At that moment comprehension burst upon her. This was desire—limitless, obsessive, undeniable. And if she didn’t pursue it, she might never find it again. Even now she could call up its power by envisioning Cheyne, his sapphire eyes glittering like the sunlit sky after a rain at sunset.

She’d taken a chance; she’d allowed herself to respond to him, and he’d betrayed her trust. Long hours of tears, remorse, and speculation had yielded the answer to Cheyne’s vicious conduct. He found
her unworthy of him and his superlative lineage. Like so many men, he blamed her for inspiring desire in him, as if she were responsible for his feelings.

Tears obscured the road again, and Mattie stopped the motorcar while she wiped her eyes with a gloved hand. To be shoved away as if she disgusted him had been mortifying. She had wanted to die, and even now she burned with shame.

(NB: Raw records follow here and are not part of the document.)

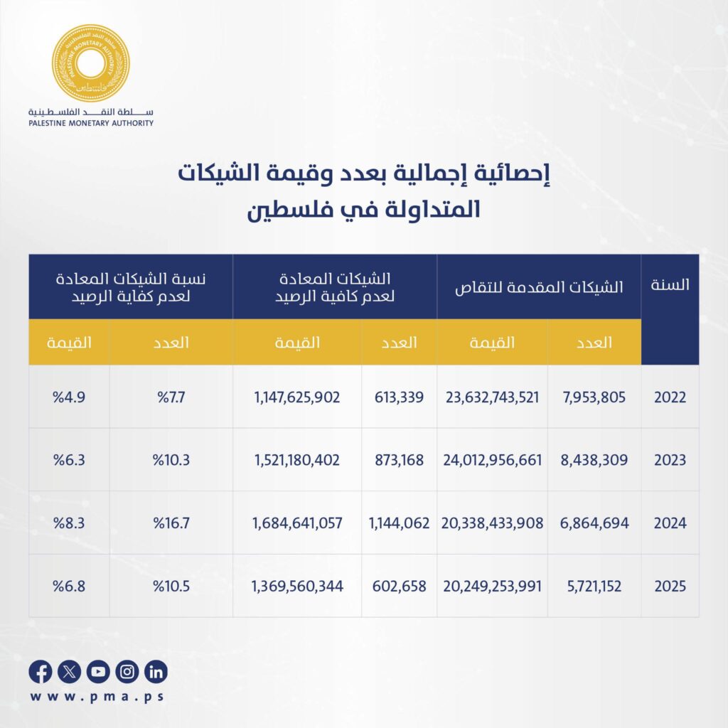 كشفت سلطة النقد إحصائية سنوية حول الشيكات المتداولة في فلسطين للعام 2025، أظهرت تداول 5.7 مليون شيك بقيمة إجمالية بلغت 20.25 مليار دولار، أعيد منها لعدم كفاية الرصيد 602 ألف شيك بقيمة 1.37 مليار دولار، ما يشكل 10.5% من حيث العدد و6.8% من حيث القيمة .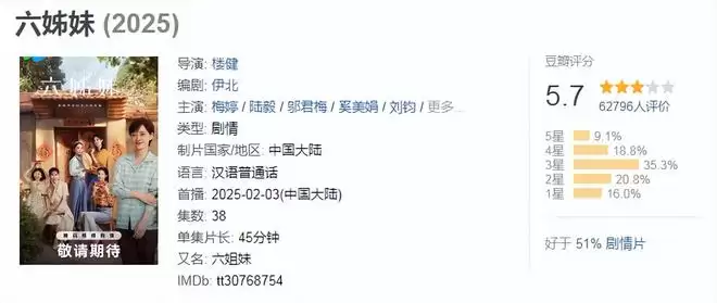 不过同样是被寄予厚望的年代剧《六姊妹》,播出以后却不是太让人满意。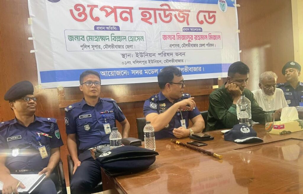 ‎মৌলভীবাজার সদর উপজেলার ১নং খলিলপুর ইউনিয়ন ও ২নং মনুমূখ ইউনিয়নে ওপেন হাউজ ডে অনুষ্ঠিত হয়েছে। রবিবার (১৯ এপ্রিল) মৌলভীবাজার মডেল থানার আয়োজনে ইউনিয়ন পরিষদ কার্যালয়ে এ সভা অনুষ্ঠিত হয়।
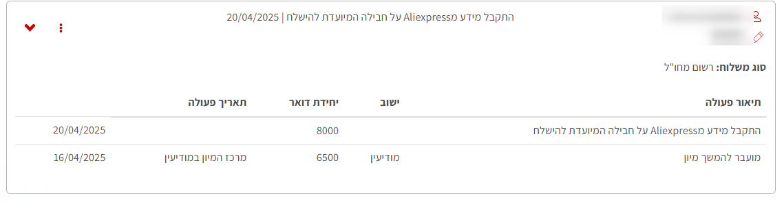 בד"כ כשהמשלוח מוקם מקבלים הודעה מהדואר ש "התקבל מידע מAliexpress על חבילה המיועדת להישלח" והנה הפעם, הגיעה הודעה ב16 שהמשלוח במרכז המיון במודיעין, ו4 ימים לאחר מכן הסטטוס השתנה ל"התקבל מידע וכו'".

Sniffing, Mattie stopped the Panhard, found her handkerchief and wiped her nose and eyes. Broad green lawns stretched into the distance on either side of the private drive. She glanced back at the trees that screened her view of Cheremere, Cheyne’s castle. The man owned a blamed castle, for God’s sake. Bought it from some fool who’d rather live on the Continent.

“Dang, dang, dang.”

No matter her aversion to him, she’d been forced to come here, and now she was a guest of the last man in England she ever wanted to see again. Because, whatever her personal feelings, she couldn’t refuse to go along with Superintendent Balfour’s continued attempts to trap the blackmailer. They wanted to draw all the suspects together in one place, with her there to tempt the criminal into making more demands. With fewer people around in the country, their chances of isolating the real blackmailer were far better. She would have preferred to play the hostess at the country house Mama had rented for the fall, but Cheyne invited Mama
without consulting her, and Mama had been only too pleased to accept. If Mattie had refused to cooperate, she’d have had to explain why, and that she couldn’t do.

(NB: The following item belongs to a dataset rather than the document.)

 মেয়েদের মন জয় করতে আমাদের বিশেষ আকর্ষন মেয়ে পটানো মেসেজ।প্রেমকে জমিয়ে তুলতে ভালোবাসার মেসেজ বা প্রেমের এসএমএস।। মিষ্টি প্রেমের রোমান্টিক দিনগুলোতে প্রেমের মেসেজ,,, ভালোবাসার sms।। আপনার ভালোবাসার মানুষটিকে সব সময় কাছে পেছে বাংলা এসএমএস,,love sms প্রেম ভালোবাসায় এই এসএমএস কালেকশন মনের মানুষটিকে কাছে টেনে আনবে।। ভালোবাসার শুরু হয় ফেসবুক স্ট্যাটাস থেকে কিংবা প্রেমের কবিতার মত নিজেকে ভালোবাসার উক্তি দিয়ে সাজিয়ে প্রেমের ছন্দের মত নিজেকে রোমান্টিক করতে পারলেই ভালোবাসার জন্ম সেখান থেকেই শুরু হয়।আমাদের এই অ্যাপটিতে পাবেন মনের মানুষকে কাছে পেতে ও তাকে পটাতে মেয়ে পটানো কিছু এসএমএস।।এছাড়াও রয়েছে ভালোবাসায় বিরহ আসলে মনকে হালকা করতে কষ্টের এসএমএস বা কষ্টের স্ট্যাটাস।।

Thus Mattie and her mother had come to Cheyne’s country house along with everyone who had been present the night her letters had vanished. Avery, Dr. Capgrave, the honorable Lancelot Gordon, Narcissa, and the Stellafords. Rose Marie Seton would arrive this afternoon. Everyone seemed to be having a good time, especially Mama. She was ecstatic at the chance to lure Stainfield into a proposal and at the same time keep Tennant in reserve.

A wave of guilt burst over her. She hadn’t yet told Mama of her plans, but as soon as they caught the blackmailer, Mattie was going home. Stainfield could find himself another rich bride. She wasn’t going to stay a moment longer than necessary in the same country with Cheyne Tennant, much less the same house.

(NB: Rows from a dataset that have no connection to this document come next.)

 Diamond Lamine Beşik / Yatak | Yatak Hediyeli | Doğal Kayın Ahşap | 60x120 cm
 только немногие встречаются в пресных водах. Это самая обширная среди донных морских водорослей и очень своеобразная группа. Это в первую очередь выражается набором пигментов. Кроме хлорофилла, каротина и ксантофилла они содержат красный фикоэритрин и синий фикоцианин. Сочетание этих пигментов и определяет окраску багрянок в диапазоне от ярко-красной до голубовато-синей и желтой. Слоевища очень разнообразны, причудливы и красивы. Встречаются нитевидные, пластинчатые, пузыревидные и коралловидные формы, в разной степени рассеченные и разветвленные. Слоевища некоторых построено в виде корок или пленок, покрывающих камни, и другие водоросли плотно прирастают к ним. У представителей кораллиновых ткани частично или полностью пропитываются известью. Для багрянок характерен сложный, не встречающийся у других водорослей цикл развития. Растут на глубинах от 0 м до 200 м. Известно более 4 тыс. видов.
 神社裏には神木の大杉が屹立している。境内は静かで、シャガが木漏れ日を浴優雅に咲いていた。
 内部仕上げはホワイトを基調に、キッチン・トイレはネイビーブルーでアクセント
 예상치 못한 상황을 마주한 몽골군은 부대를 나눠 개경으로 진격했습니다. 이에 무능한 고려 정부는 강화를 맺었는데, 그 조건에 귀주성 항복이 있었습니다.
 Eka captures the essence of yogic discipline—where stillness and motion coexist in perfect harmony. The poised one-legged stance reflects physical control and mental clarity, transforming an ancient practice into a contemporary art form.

She had another reason for leaving as well, one just as painful. Agonizing reflection had revealed something to Mattie: in her quest to marry well, she’d been trying to make up for all the things Papa had missed. While he was alive he’d always worked to provide for others and hardly ever thought about his own enjoyment. Then he’d died before he could really experience the beautiful life he’d earned. Without realizing it, Mattie had been trying to recompense Papa for what he’d missed by working so
hard and then dying so soon. But she could never make up for the past. It was wrong to try to live according to what Papa might have wished. When she’d understood this at last, she finally admitted to herself that her father’s dying request had been misguided. He wouldn’t have wanted her to be unhappy. Marrying Avery Richmond would make her unhappy, and staying in England with Cheyne Tennant around would make her miserable. So she wasn’t going to stay.